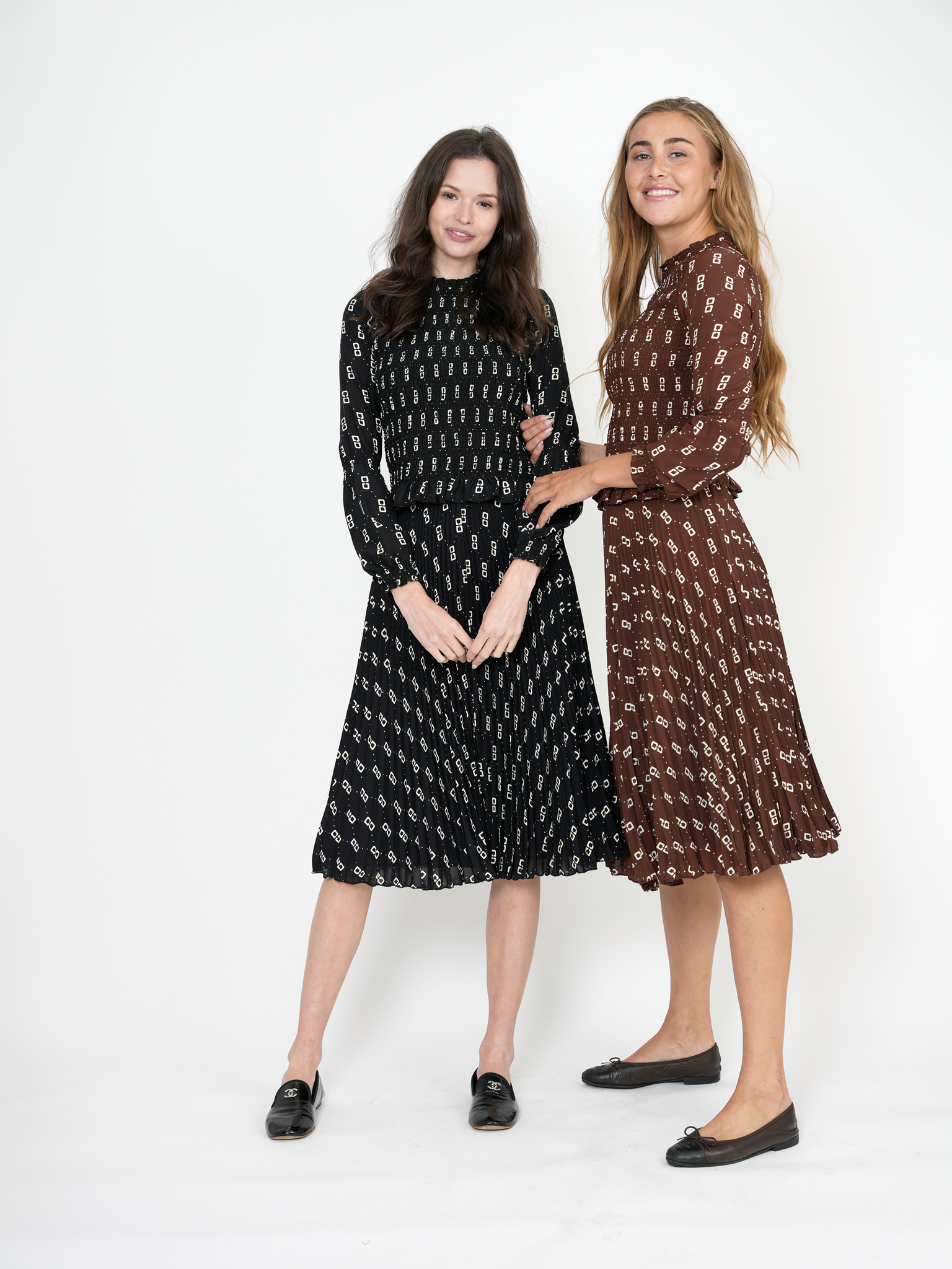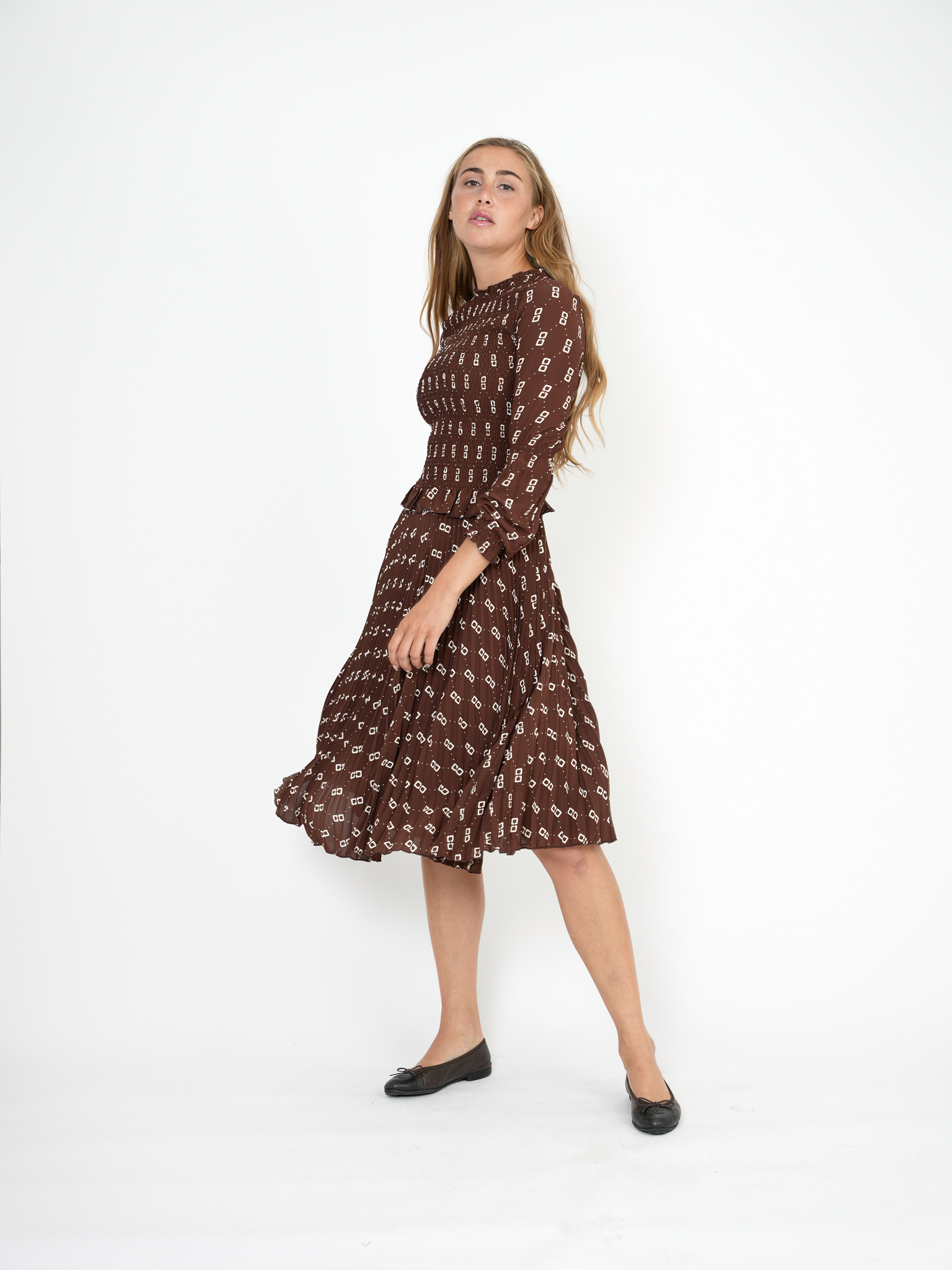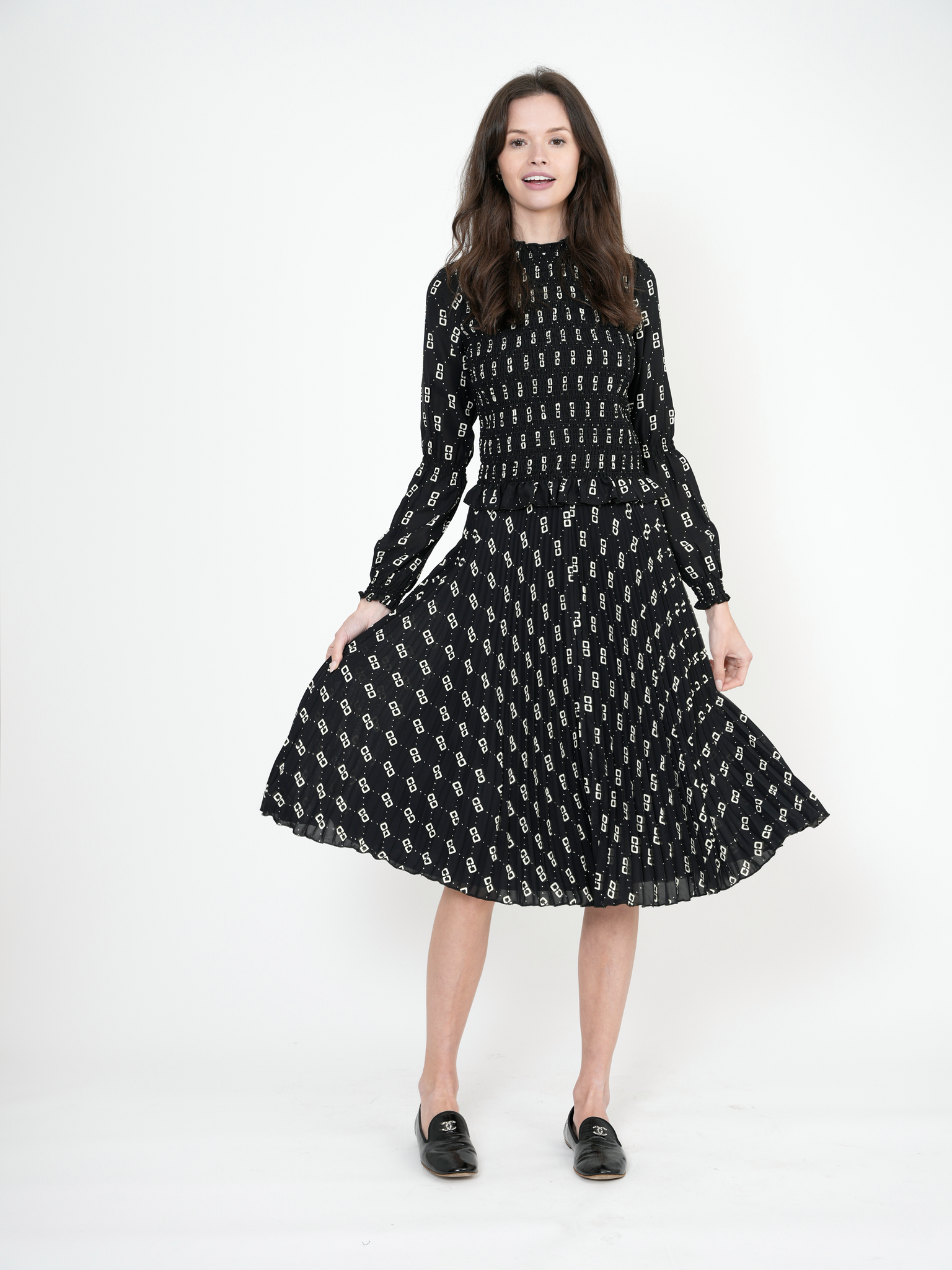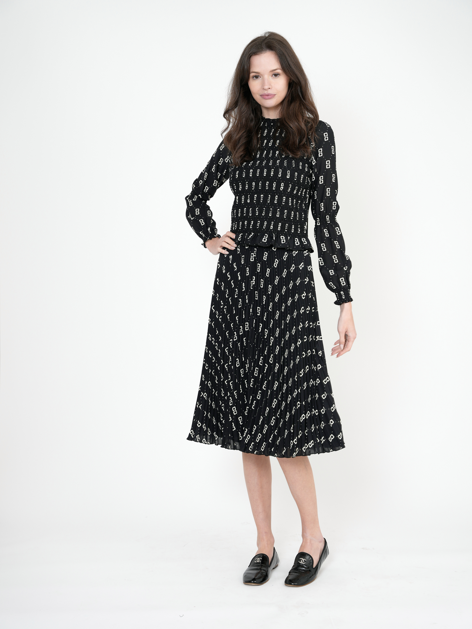 Teen woven hook print 2pc set.Long sleeve top with smock stitch on chest with merrowedge cuffs and hem and back zipper.Matching long skirt with sunburst pleating and back zipperֲAvailable in the following colors: Black Chocolate Composition: 100% Polyester WovenWashing Instructions: MACHINE WASH COLD, INSIDE OUT, NO CHLORINE BLEACH, HANG TO DRY
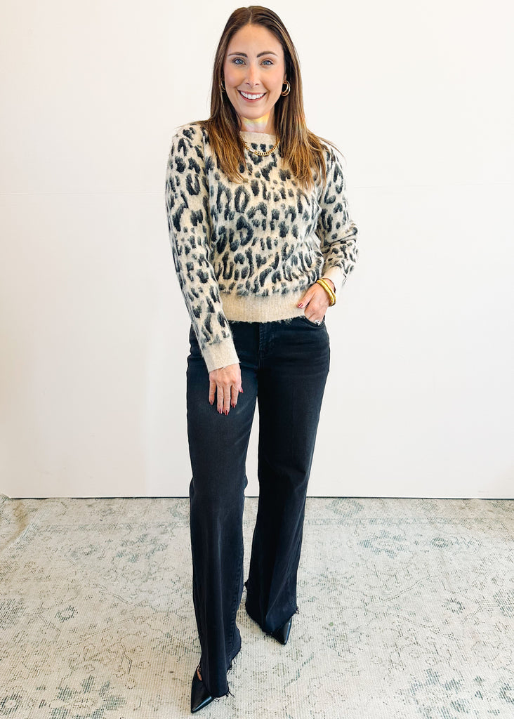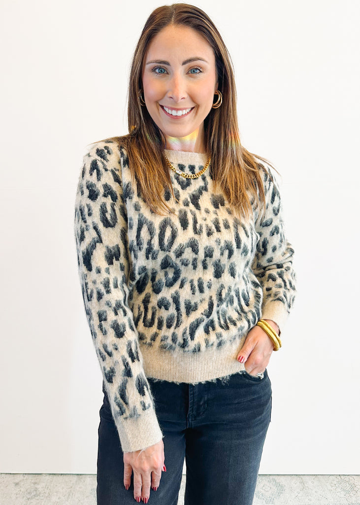 Mina long sleeve leopard print sweater, crafted with a blend of premium yarn. Timeless crew neck is effortlessly chic and versatile, offers warmth and style that's perfect for layering. The snow leopard design adds a unique statement to any outfit, the highlight of any crowd.
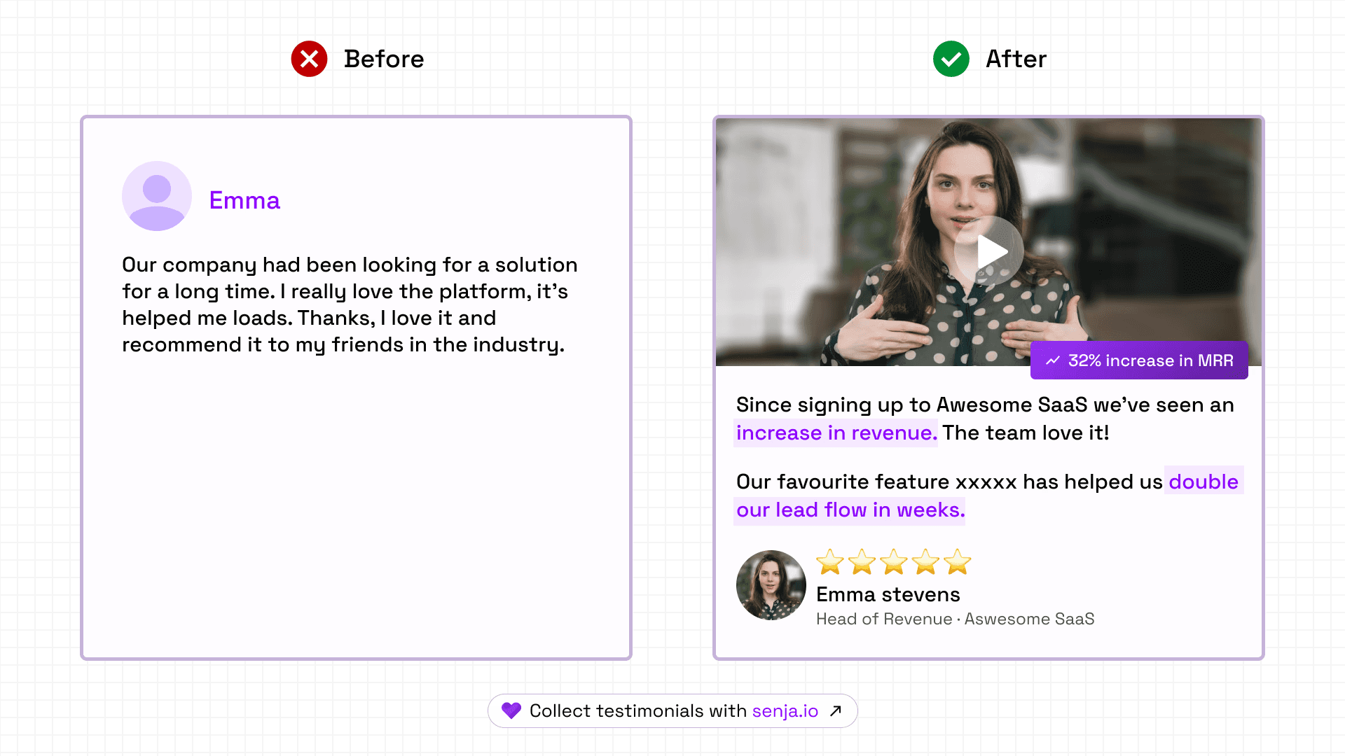 For B2B brands like those using Senja.io, these videos shorten sales cycles by humanizing your brand. They're versatile for websites, social media, and emails.
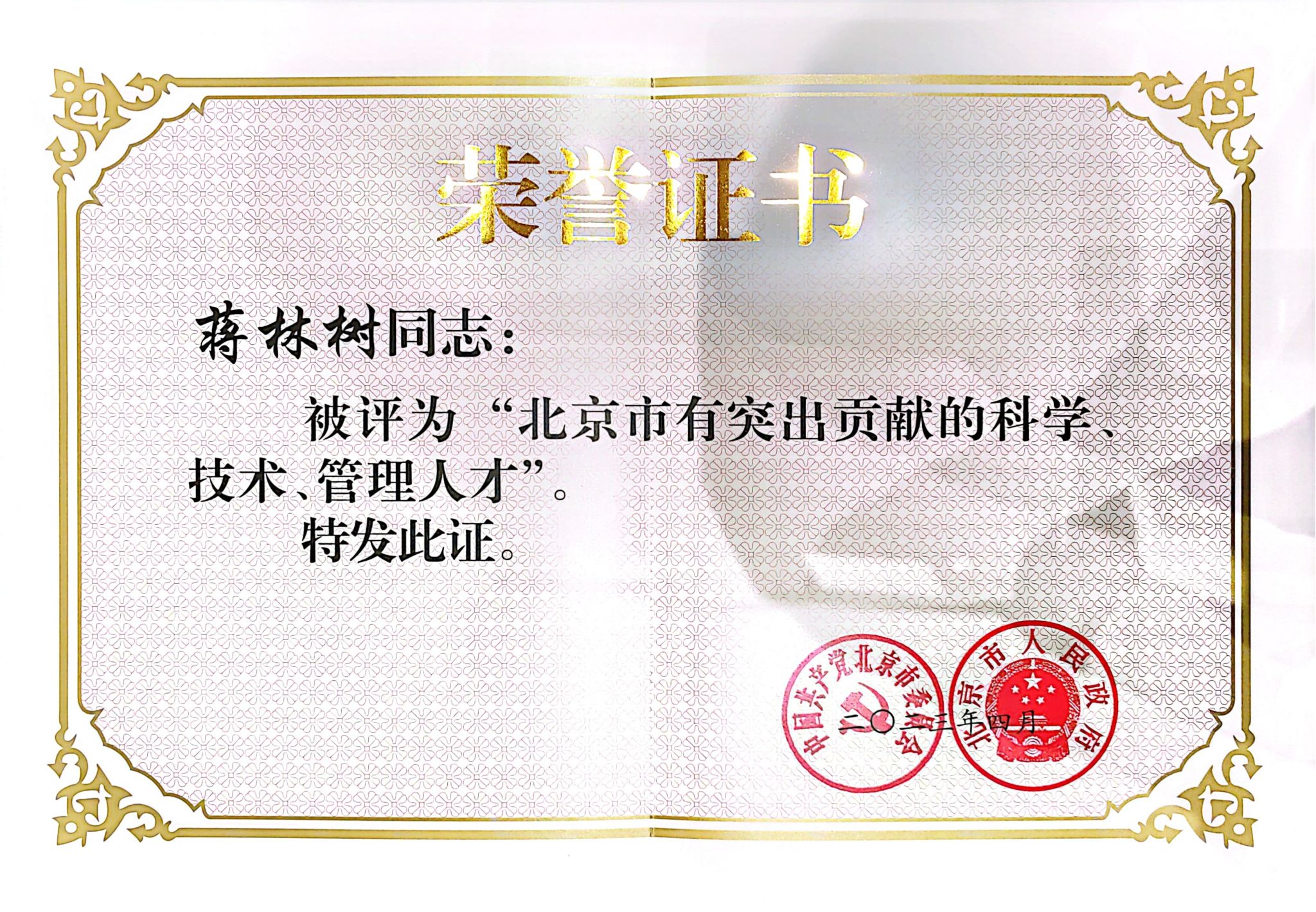 为大力实施首都人才发展战略,表彰在首都经济社会发展中作出突出贡献的科学、技术、管理人才,加强创新型、领军型高层次人才队伍建设,根据《北京市市级人才专项表彰奖励项目评选表彰办法》,近日,中共北京市委、北京市政府对第十四批“北京市有突出贡献的科学、技术、管理人才”进行表彰,并颁发荣誉证书。红桃视频

ABOUT THIS TASK
Write out the whole listing exactly as it appears, and omit the pictures.

ANSWER BOX
 Teen woven hook print 2pc set.Long sleeve top with smock stitch on chest with merrowedge cuffs and hem and back zipper.Matching long skirt with sunburst pleating and back zipperֲAvailable in the following colors: Black Chocolate Composition: 100% Polyester WovenWashing Instructions: MACHINE WASH COLD, INSIDE OUT, NO CHLORINE BLEACH, HANG TO DRY
 Mina long sleeve leopard print sweater, crafted with a blend of premium yarn. Timeless crew neck is effortlessly chic and versatile, offers warmth and style that's perfect for layering. The snow leopard design adds a unique statement to any outfit, the highlight of any crowd.
 For B2B brands like those using Senja.io, these videos shorten sales cycles by humanizing your brand. They're versatile for websites, social media, and emails.
 为大力实施首都人才发展战略,表彰在首都经济社会发展中作出突出贡献的科学、技术、管理人才,加强创新型、领军型高层次人才队伍建设,根据《北京市市级人才专项表彰奖励项目评选表彰办法》,近日,中共北京市委、北京市政府对第十四批“北京市有突出贡献的科学、技术、管理人才”进行表彰,并颁发荣誉证书。红桃视频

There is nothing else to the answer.